Outside I grabbed bag and clutched my book, they gave me a “selfridges” bag and I took it and burst into tears!!! not because I had just met my idol and never (with a family like mine) thought it was possible but because she didnt talk to me as much the other fans, they had guts but I had had to be so damn shy! I hate it! moreover because i had made a complete a complete idiot of myself infront of her and I could get rid of the embarassement! I had taken too many damn risks to get to where I was, I would be dead if dad found out! it was so saddening. I didnt even get to shake her hand and I really wanted to! I cried all the way to the station with my friend, Marie. On the over ground I hoped dad would see me. It was about sixish now and i was still in a trance.
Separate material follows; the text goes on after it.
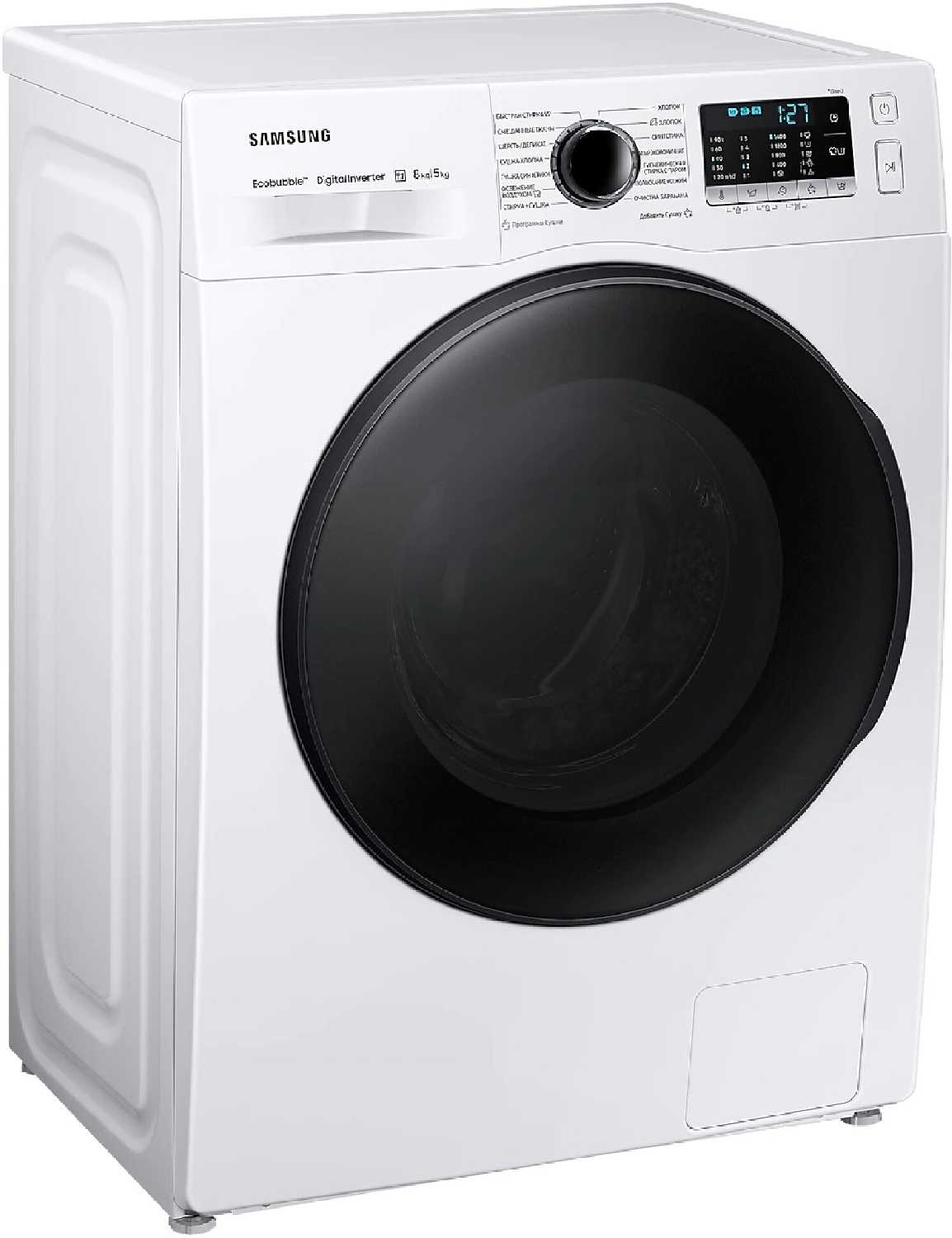 - + Купил данную стиральную машину, зная высокое качество и многолетний опыт использования аналогичных стиральных машин производства Samsung. Хорошая, относительно недорогая, стиральная машина с сушкой. Довольно устойчивая не скользит даже на плиточном полу. 14 программ, с модификаторами режима (интенсивная стирка, предварительное замачивание). Можно изменить количество циклов полоскания, температуру и скорость вращения барабана при отжиме. Есть сушка и отложенный старт. Имеется автоматическое взвешивание заложенного белья, что уточняет время работы программы. Хороший отжим (до 1400 об/мин). При отжиме перед раскручиванием на больших оборотах пытается устранить дисбаланс загруженного белья, путём остановки и перемешивпния белья сменой направления вращения барабана. Но при большом дисбалансе (простыни с пододеяльниками плюс тяжелые махровые полотенца) полностью устранить дисбаланс не удастся, используется меньшая скорость вращения. Есть режим отпаривания, при котором можно стерилизовать белье, однако нет разделения на стерилизацию и проветривание (освежение), как в некоторых других аналогичных машинах Samsung с сушкой.

I hadn’t eaten for fourteen hours but I wasnt hungry cos they nerves had taken over hunger!
On the overground train I took my book out and I looked at the autograph. I was still really worried about the fact that I made a complete mess of myself in front of my idol. I could help thinking “she probably thinks im so stupid!” but at the end of the book I learned a little lesson, a lesson I already knew but it had just been refreshed in my head. Number one – most people probably walked out that room and thought “I should not have done that”. Number two – some people didn’t get to go and I did so I should stop complaining. Number three – Whatever happened to me while I was standing opposite Madonna happened for the best!!!.